The council is funded from the state budget.

== Members ==
The Council consists of 9 members. Three members of the Board are appointed for two years, three for four years, and three for six years. Members have the right to be reappointed. The members of the Council elect the chairman and the vice-chairman. The council is headed by the Chairman of the council. The Council determines the number of staff members of the Board, appoints its staff and creates structural units within the cost estimate.

== Cooperation ==
On 24–27 May 2004 the chairman of the Council Nusheravan Maharramov visited Turkey to establish cooperation with "Radio Televizyon Ust Kurulu" (RTUK) of Turkey.

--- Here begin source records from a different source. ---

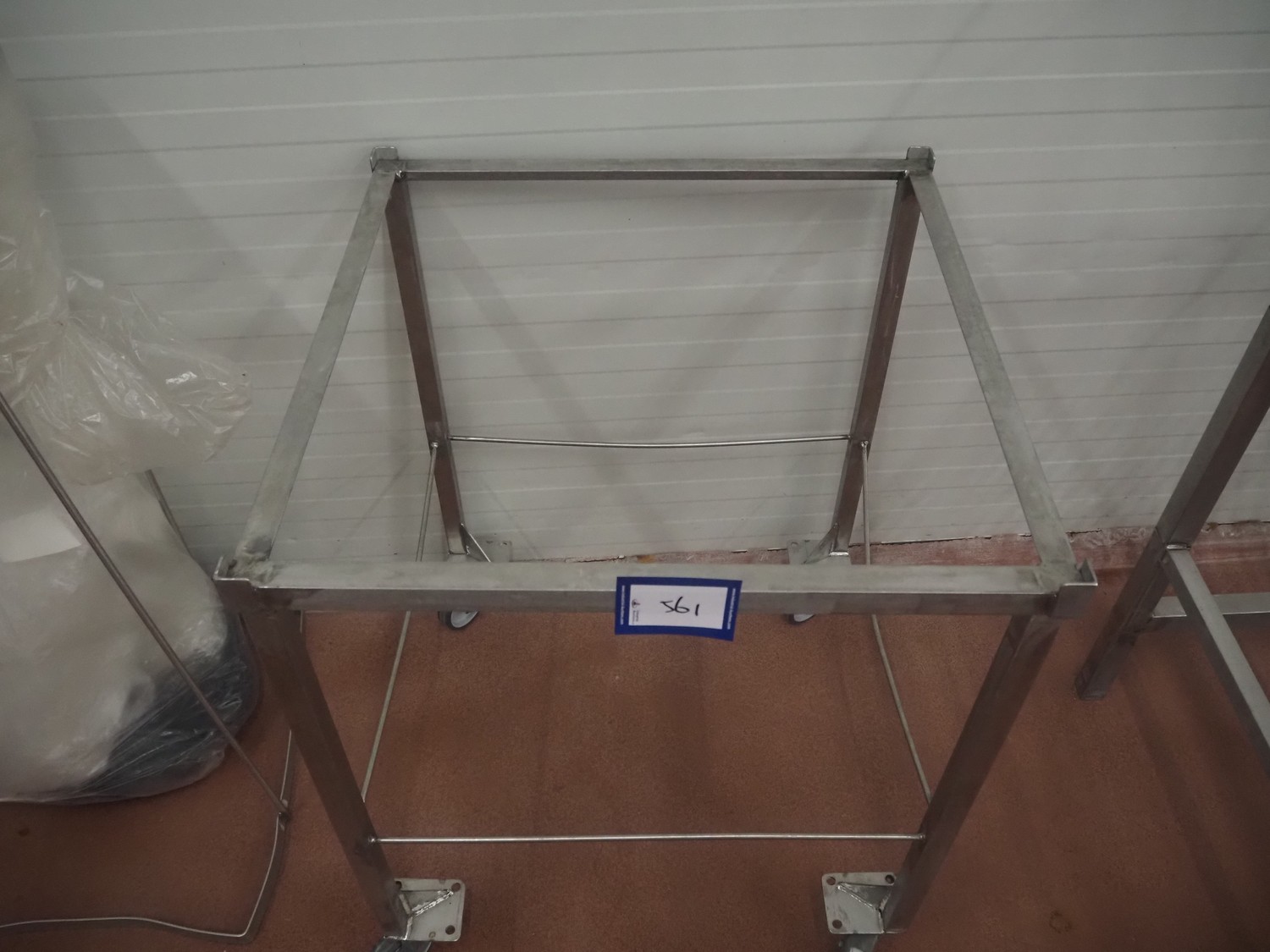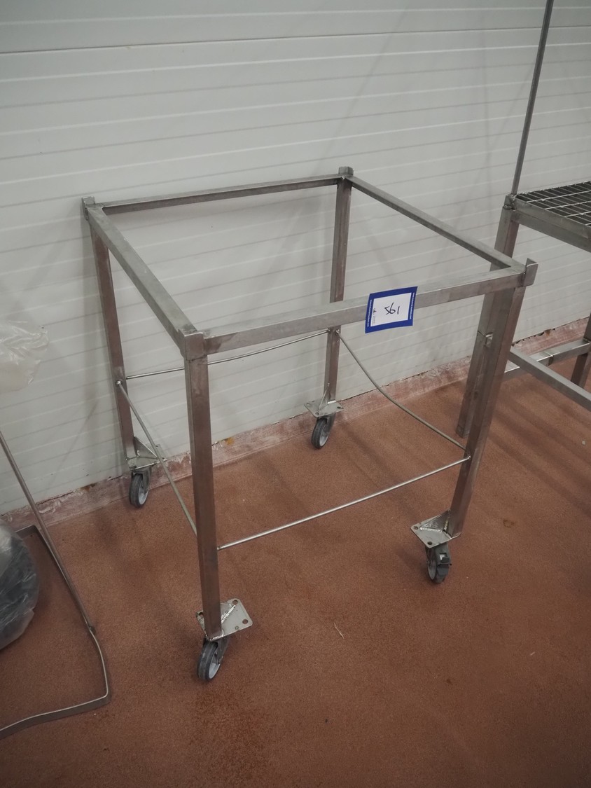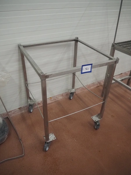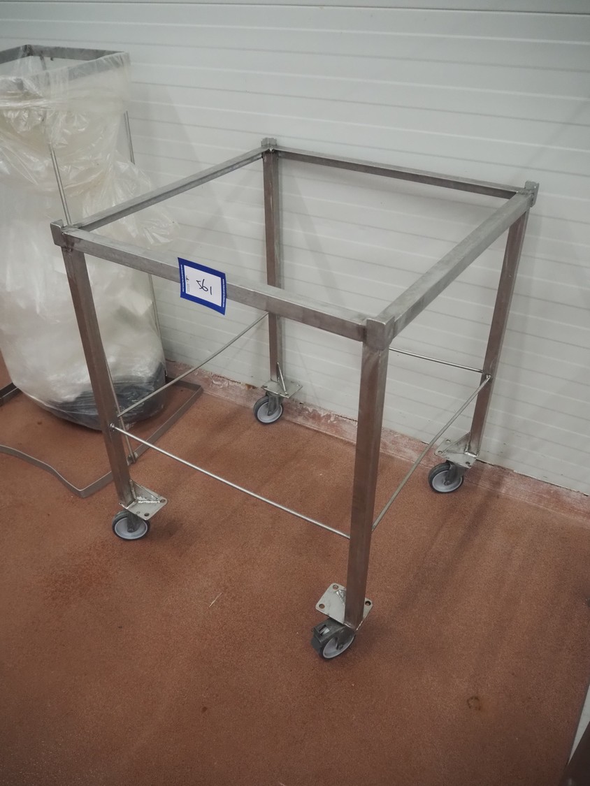 Mobile s/s frame for table, dimensions: 700 mm x 700 mm x 870 mm.
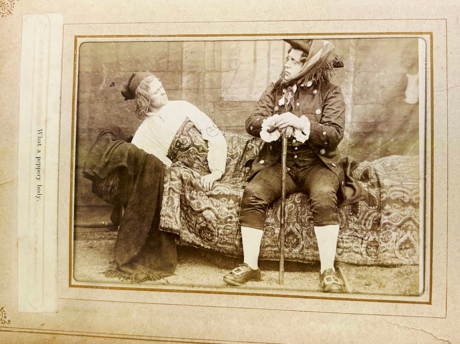 There are 37 photographs in total (3 missing), each with actors in full costume enacting scenes from the play in theatrical studio sets. A rather wonderful album.
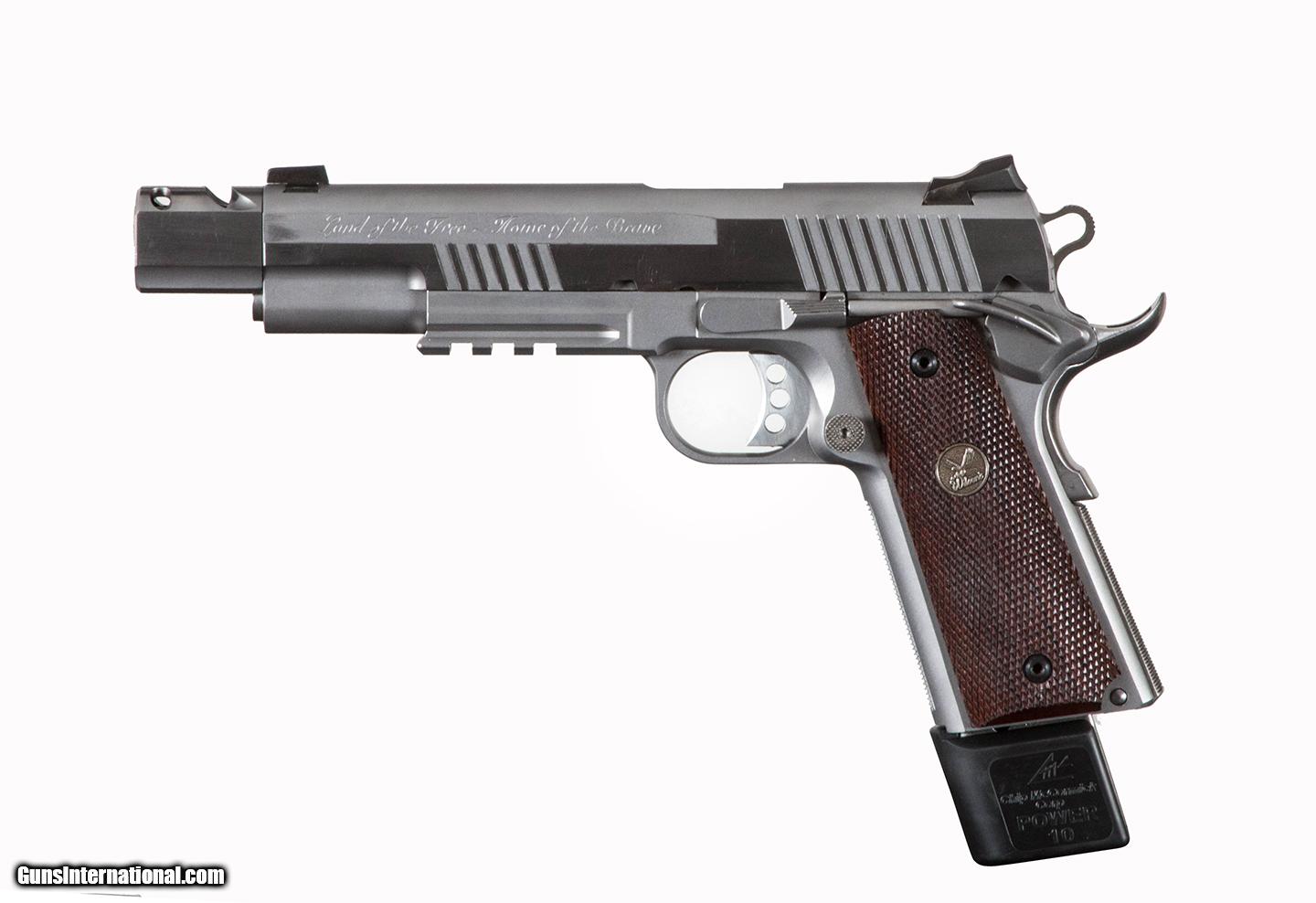 Description: This is a .45 caliber Caspian Arms 1911, custom built by an experienced gunsmith. The gunsmith added a compensator to the end of the barrel and Novak night sights. This Caspian Arms 1911 features a picatinny rail, checkered front strap and checkered mainspring housing. The inside of the gun is mainly built using Wilson Combat and Ed Brown parts, as well as a Kart barrel. The grips are Wilson Combat rosewood grips, and the gun features 2 extended 10 round magazines. The trigger pulls very nicely, as it is a 2.5lb match grade trigger. This gun shows some minor wear from use, but overall is in fantastic condition. The gun is completely hand fit and is built beautifully. Call 585-657-6338 for additional information or photos. SOLD Manufacturer: Caspian Arms Model: 1911 Serial Number: 58622 Caliber Info: .45 Bore Condition: Great Action: Semi Auto Item Location: NY |
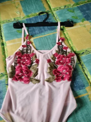 Body de tirantes con un diseño delicado y femenino. Presenta un detalle de flores bordadas en la parte delantera. - Tirantes finos. - Flores bordadas en tonos rojos y rosas. - Tejido suave y elástico.

The parties signed an agreement on "On cooperation and experience exchange".

=== Developments ===
On 24 February 2015, law passed on Amendments to the Law of the Republic of Azerbaijan "On Television and Radio Broadcasting".

On 15 December 2017, Law of the Republic of Azerbaijan on Amendments to the Law of the Republic of Azerbaijan "On Television and Radio Broadcasting" was passed.

The latest amendment was made on November 2, 2018, by the Law of the Republic of Azerbaijan on Amendments to the Law of the Republic of Azerbaijan "On Television and Radio Broadcasting".

At the meeting held on 19 May 2016, the presidential decree dated May 12, 2016 "On providing one-time financial aid to private broadcasters in the Republic of Azerbaijan" was discussed. 2 million manat were allocated to National Television and Radio Council from the reserve fund.

Within the framework of "National Program for Action to Raise Effectiveness of the Protection of Human Rights and Freedoms in the Republic of Azerbaijan", National Television and Radio Council prepared TV programs that educate and enlighten children and studied the possibility to establish a television for children in 2012–2013.

National Television and Radio Council arranges the exercises for the freedom of speech and thoughts for the mass media under the "National Program for Action to Raise Effectiveness of the Protection of Human Rights and Freedoms in the Republic of Azerbaijan".